Indications for Antiviral Therapy
Recommendations for antiviral therapy in patients with chronic HBV infection have been issued by several professional societies5,103,104 and by a group of U.S. hepatologists supported by an unrestricted grant from a pharmaceutical company.105 The most updated, authoritative, and influential of these recommendations is the practice guideline of the American Association for the Study of Liver Diseases (Table 3).5
Table 3. Treatment Guidelines for HBV Infection.
For HBeAg-reactive chronic HBV infection, antiviral therapy is indicated for patients with an ALT level that is more than two times the upper limit of the normal range and HBV DNA that is greater than 20,000 IU per milliliter; patients with an elevated level of ALT are more likely to have potentially durable HBeAg, biochemical, and histologic responses. Without antiviral therapy, fibrosis progresses in approximately one quarter of such patients followed for 1 year.33,37,38 The indication for therapy is so clear-cut that a pretreatment liver biopsy is optional, and therapy should be instituted urgently in patients with jaundice or other evidence of hepatic decompensation. For HBeAg-positive patients with an HBV DNA level that is greater than 20,000 IU per milliliter but an ALT level that is two times the upper limit of the normal range or less (a pattern common among young Asian patients with perinatally acquired infection), progression is limited during the early decades when high HBV DNA levels are accompanied by biochemical quiescence, the baseline histologic grade and stage tend to be low, and ALT levels are already normal or near normal. Although controversy surrounds the treatment of such patients,106 the opportunity for biochemical and HBeAg serologic responses in these patients is so low that committing them to antiviral therapy rarely achieves any near-term clinical benefit; clinical monitoring should suffice to identify the emergence of active liver disease in time to intervene therapeutically.107 Therefore, antiviral therapy is not recommended routinely in these patients unless they have risk factors for progression (i.e., they are older than 40 years of age, they have a family history of hepatocellular carcinoma, or they have an ALT level in the high-normal range [up to two times the upper limit of the normal range]). In these circumstances, liver biopsy should be considered and treatment should be initiated for moderate-to-severe necroinflammatory activity or fibrosis.
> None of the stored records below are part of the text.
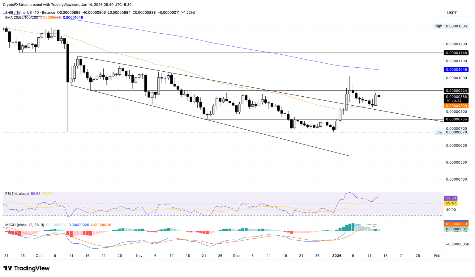 - Shiba Inu toma un respiro tras un rebote del 7% el martes desde la EMA de 50 días.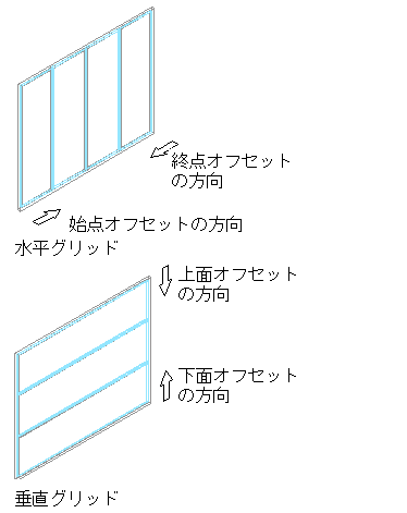 | カーテン ウォール基準線の始点から最初のセルの開始端までの距離を水平グリッドに指定するには | [始点オフセット]に値を入力します。 |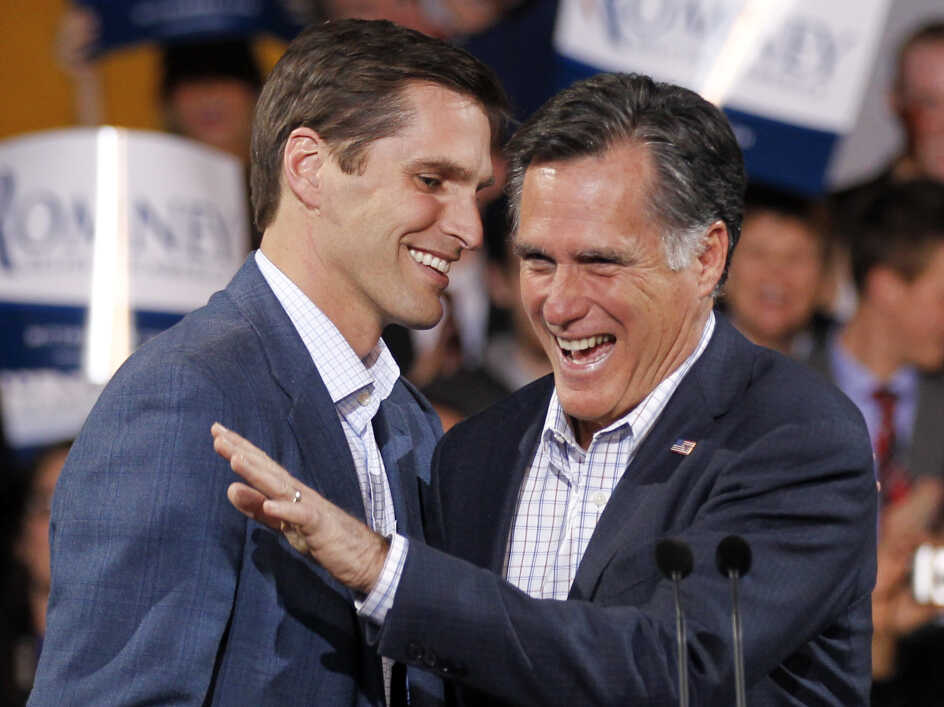 Republican presidential candidate Mitt Romney, seen at an election night rally in Denver with his son Josh on Feb. 7, once rode to the rescue on a Jet Ski. Chris Carlson/AP hide caption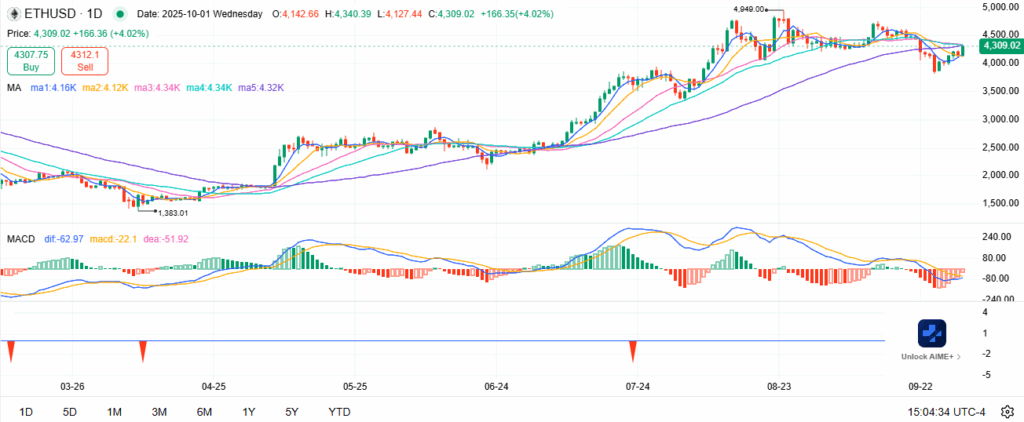 Ethereum trades at $4,309, recording a gain of 4.02% as it rebounds from the $4,000 support zone. The token corrected from highs near $4,949 but continues to consolidate within a strong bullish framework. This phase signals renewed stability and prepares ground for potential extension.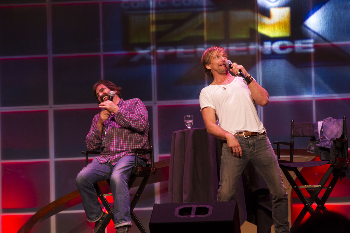 Sean Patrick Flanery, right, and David Della Rocco tell joke during their panel at FanX 2014 in Salt Lake City. (Jimmie Breedlove)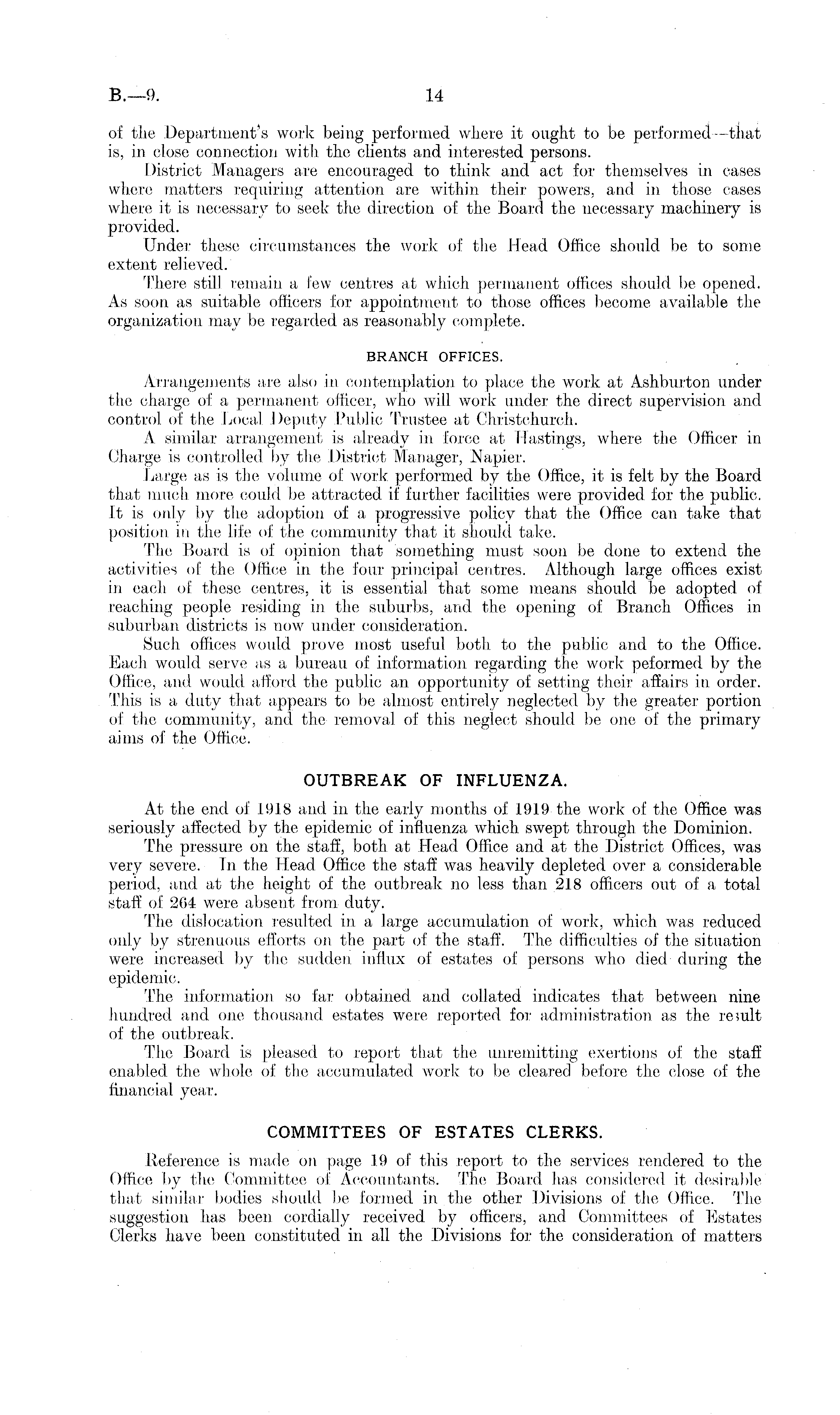 of the Department's work being performed where it ought to be performed---that is, in close connection with the clients and interested persons. District Managers are encouraged to think and act for themselves in cases where matters requiring attention are within their powers, and in those cases where it is necessary to seek the direction of the Board the necessary machinery is provided. Under these circumstances the work of the Head Office should be to some extent relieved. There still remain a lew centres at which permanent offices should be opened. As soon as suitable officers for appointment to those offices become available the organization may be regarded as reasonably complete. BRANCH OFFICES. Arrangements are also in contemplation to place the work at Ashburton under the charge of a permanent officer, who will work under the direct supervision and control of the Local. Deputy Public Trustee at Christehurch. A similar arrangement is already in force at Hastings, where the Officer in Charge is controlled by the District Manager, Napier. Large as is the volume of work performed by the Office, it is felt by the Board that much more could be attracted, if further facilities were provided, for the public. It is only by the adoption of a progressive policy that the Office can take that position, in the life of the community that it should take. The Board is of opinion that something must soon be done to extend the activities of the Office in the four principal centres. Although large offices exist in each of these centres, it is essential that some means should be adopted of reaching people residing in the suburbs, and the opening of Branch Offices in suburban districts is now under consideration. Such offices would prove most useful both to the public and to the Office. Each would serve as a bureau of information, regarding the work peformed by the Office, and would afford the public an opportunity of setting their affairs in order. This is a duty that appears to be almost entirely neglected by the greater portion of the community, and the removal of this neglect should be one of the primary aims of the Office. OUTBREAK OF INFLUENZA. At the end of 1918 and in the early months of 1919 the work of the Office was seriously affected by the epidemic of influenza which swept through the Dominion. The pressure on the staff, both at Head Office and at the District Offices, was very severe. In the Head Office the staff was heavily depleted over a considerable period, and at the height of the outbreak no less than 218 officers out of a total staff of 264 were absent from duty. The dislocation resulted in a large accumulation of work, which was reduced only by strenuous efforts on the part of the staff. The difficulties of the situation were increased by the sudden, influx of estates of persons who died during the epidemic. The information so far obtained and collated, indicates that between nine hundred and one thousand, estates were reported for administration as the remit of the outbreak. The Board is pleased to report that the unremitting exertions of the staff enabled the whole of the accumulated work to be cleared before the close of the financial year. COMMITTEES OF ESTATES CLERKS. Reference is made on page 19 of this report to the services rendered to the Office by the Committee of Accountants. The Board has considered it desirable that similar bodies should be formed in the other Divisions of the Office. The suggestion has been cordially received by officers, and Committees of Estates Clerks have been constituted in all the Divisions for the consideration, of matters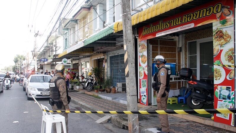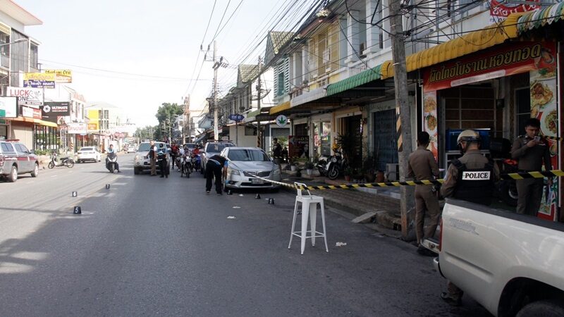 ที่เกิดเหตุเป็นตึกแถวอยู่ติดกันหลายหลังบริเวณหน้าร้านขายผัดไทยโบราณหอยทอด บนพื้นถนนพบปลอกกระสุนปืนและหัวกระสุนกระจายอยู่เกลื่อนถนน 9 ปลอก เจ้าหน้าที่จึงเก็บไว้เป็นหลักฐาน และยังมีกองเลือดของคนเจ็บที่พื้นถนนจำนวนมาก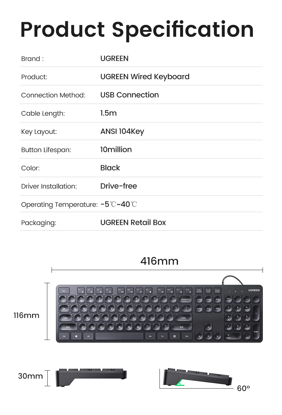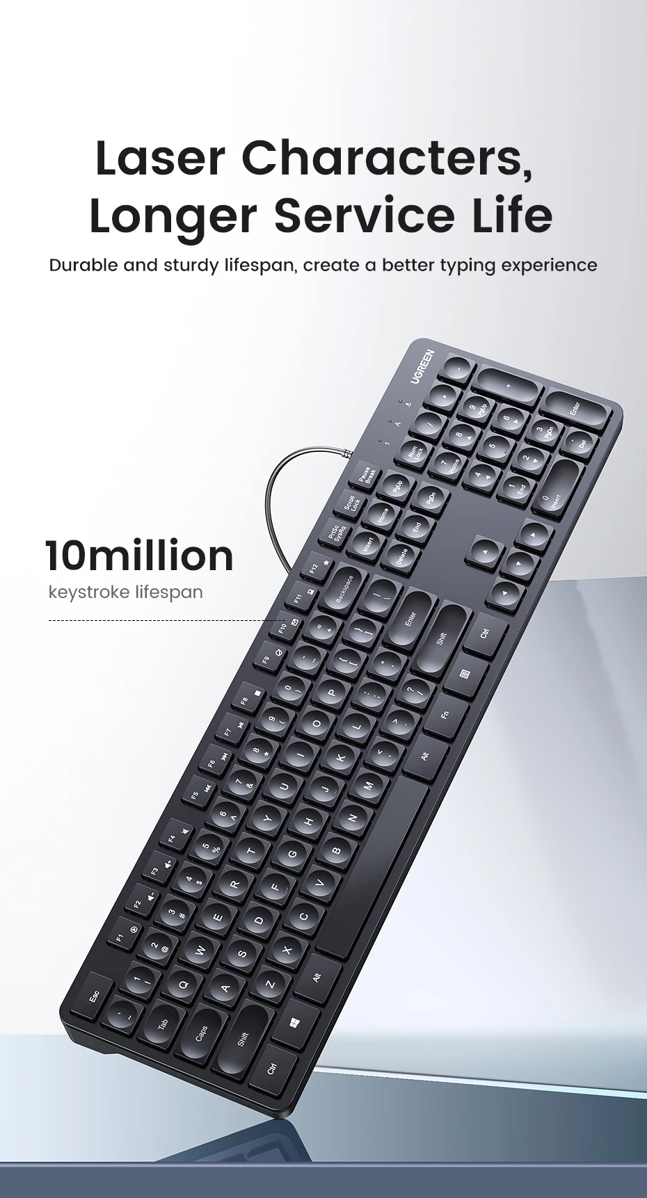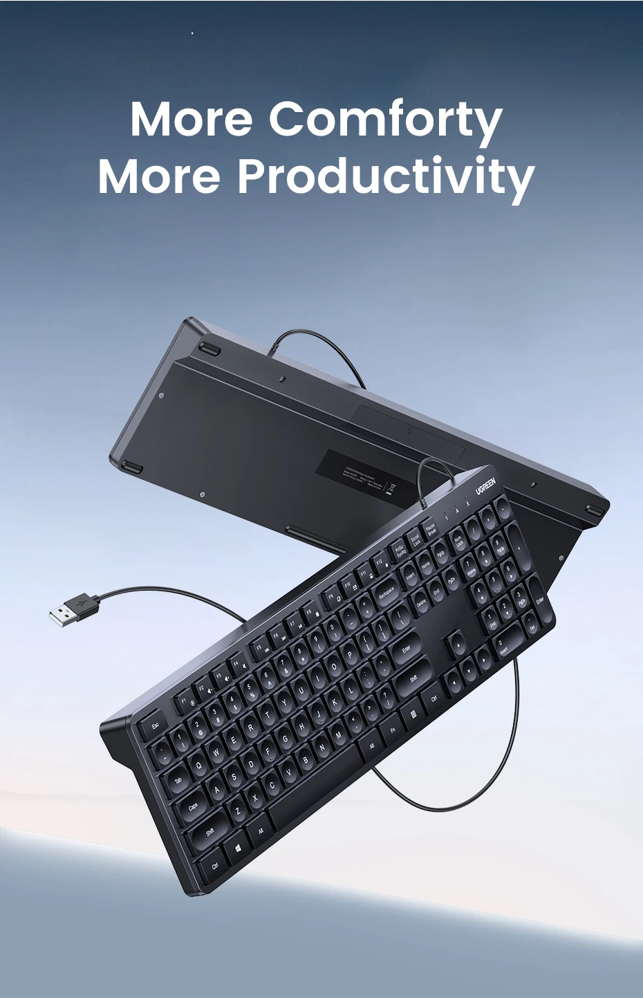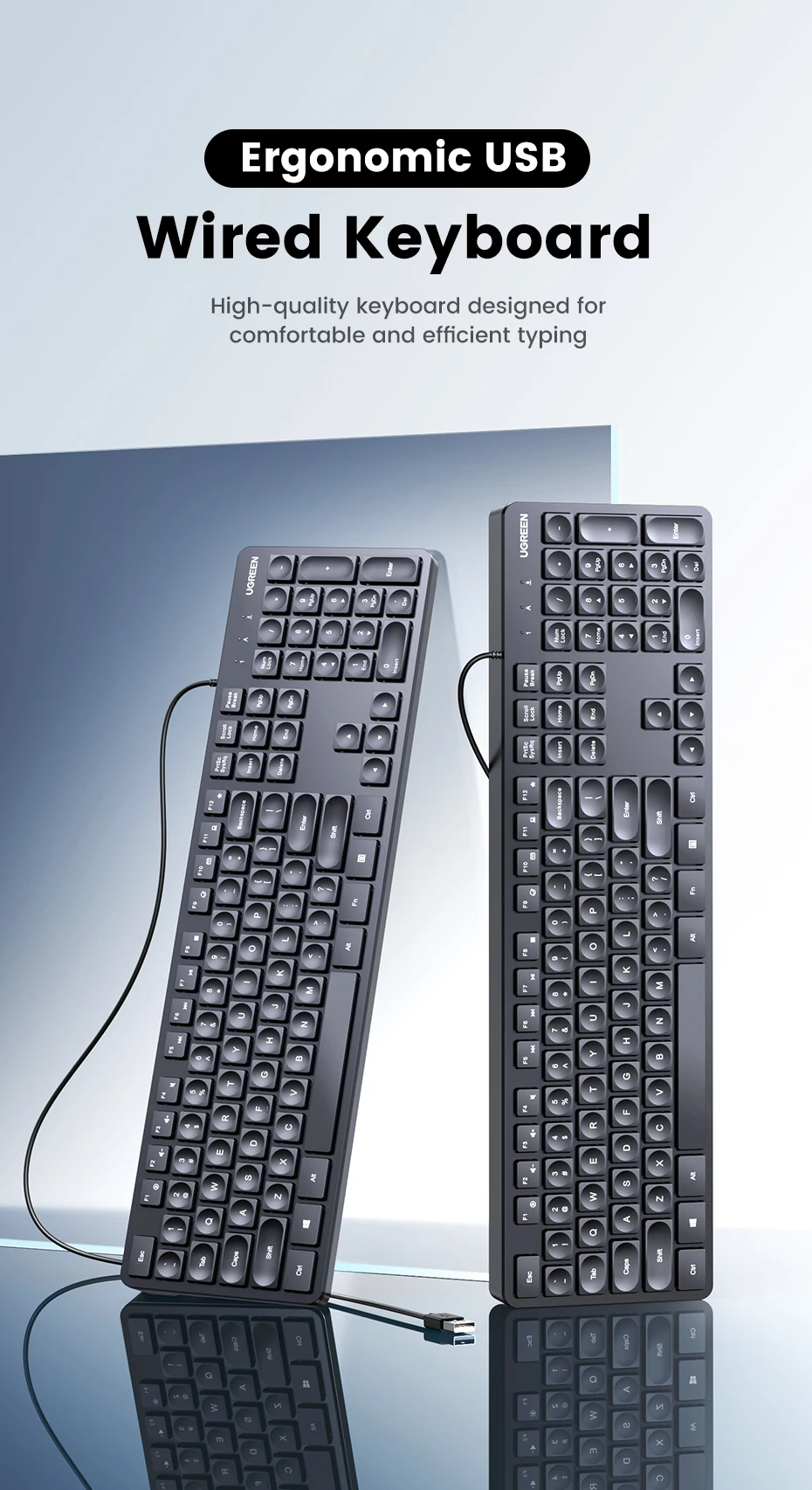 UGREEN Keyboard Wired US Layout English Keycaps 104 Keys Full Size for PC Laptop Ergonomic USB Keyboard 1.5M Cable Plug & Play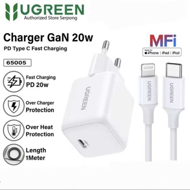 Charger iPhone UGREEN Original Fast Charging Adaptor USB Type C to Lightning Mfi 20W Garansi 1 Tahun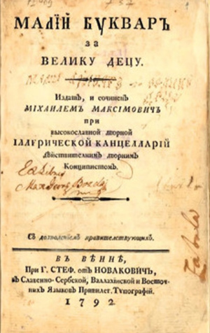 Период просвећености на европском континету, осим што је на простору књижевности изабрао „моралну филозофију за свој центар”, у афоризмима је пронашао дискурс који је одговарао захтевима епохе. У том смислу афористички начин изражавања у српској литератури, управо се у периоду просвећености појављује и везује за име Михаила Максимовића, аутора прве српске књиге афоризама – „Мали буквар за велику децу“, која је штампана је далеке 1792. године на славеносербском језику у Бечу, у штампарији Стефана Новаковића. Поређења ради, прва књига афоризама на руском језику појавила се 1815. године.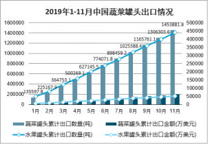 2019年1-11月蔬菜罐頭進(jìn)口數(shù)量為10466.8噸,同比下降15.1%;出口數(shù)量為1453881.8噸,同比增長6.5%。2019年1-11月蔬菜罐頭進(jìn)口金額為1039.4萬美元,同比下降4.6%;出口金額為200708.4萬美元,同比增長16.5%。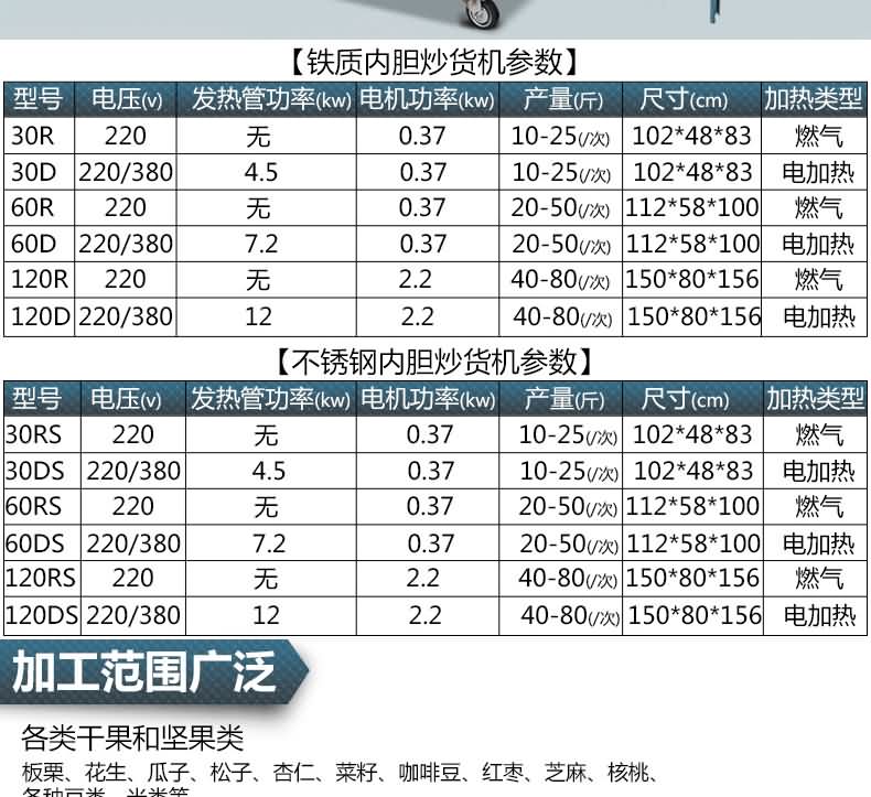 1.炒貨機有30型.60型.120型三種,每個型號各有燃氣加熱和電加熱兩種方式。

Patients with HBeAg-negative chronic HBV infection, an ALT level that is more than two times the upper limit of the normal range, and an HBV DNA level that is more than 20,000 IU per milliliter are candidates for antiviral therapy; liver biopsy is optional. If the ALT level is persistently one to two times the upper limit of the normal range or less and the HBV DNA level is greater than 2000 IU per milliliter, antiviral therapy is not recommended routinely; a liver biopsy should be considered and treatment should be advised for moderate-to-severe necroinflammatory activity or fibrosis. Antiviral therapy is not indicated for inactive HBV carriers (i.e., persons with a persistently normal ALT level and an HBV DNA level that is 2000 IU per milliliter). Conversion to this status is the clinical end point reached in most successfully treated patients. However, inactive carriers, like other patients with chronic HBV infection, can have severe HBV reactivation during withdrawal of immunosuppressive therapy; thus, preemptive treatment with a nucleoside or nucleotide analogue is recommended before the initiation of immunosuppressive or cytotoxic chemotherapy.108,109
During oral-agent therapy of HBeAg-positive chronic HBV infection, HBeAg loss - preferably seroconversion - can serve as a milestone, after which treatment can be discontinued. Therapy should be continued for at least 6 months. In patients with perinatally acquired HBV infection, therapy should be continued for 1 year or longer. After such consolidation therapy, the durability of sustained responses can exceed 80%. In HBeAg-negative chronic HBV infection, the opportunity for HBeAg responses is absent; although sustained virologic responses occur in a small proportion of patients,60,70,110,111 in the vast majority of patients, indefinite therapy is required to maintain clinical benefit.
Patients with compensated cirrhosis and a detectable level of HBV DNA, independent of HBeAg status, are candidates for antiviral therapy to prevent progression; if the level of HBV DNA is greater than 2000 IU per milliliter, therapy is recommended, but if the level of HBV DNA is less than 2000 IU per milliliter, treatment is reserved for patients with an elevated level of ALT. Patients with decompensated cirrhosis and a detectable level of HBV DNA should be treated in coordination with a liver transplantation center. For patients with cirrhosis who have an undetectable level of HBV DNA, observation without therapy is recommended; patients with decompensated cirrhosis should be referred to a transplantation center.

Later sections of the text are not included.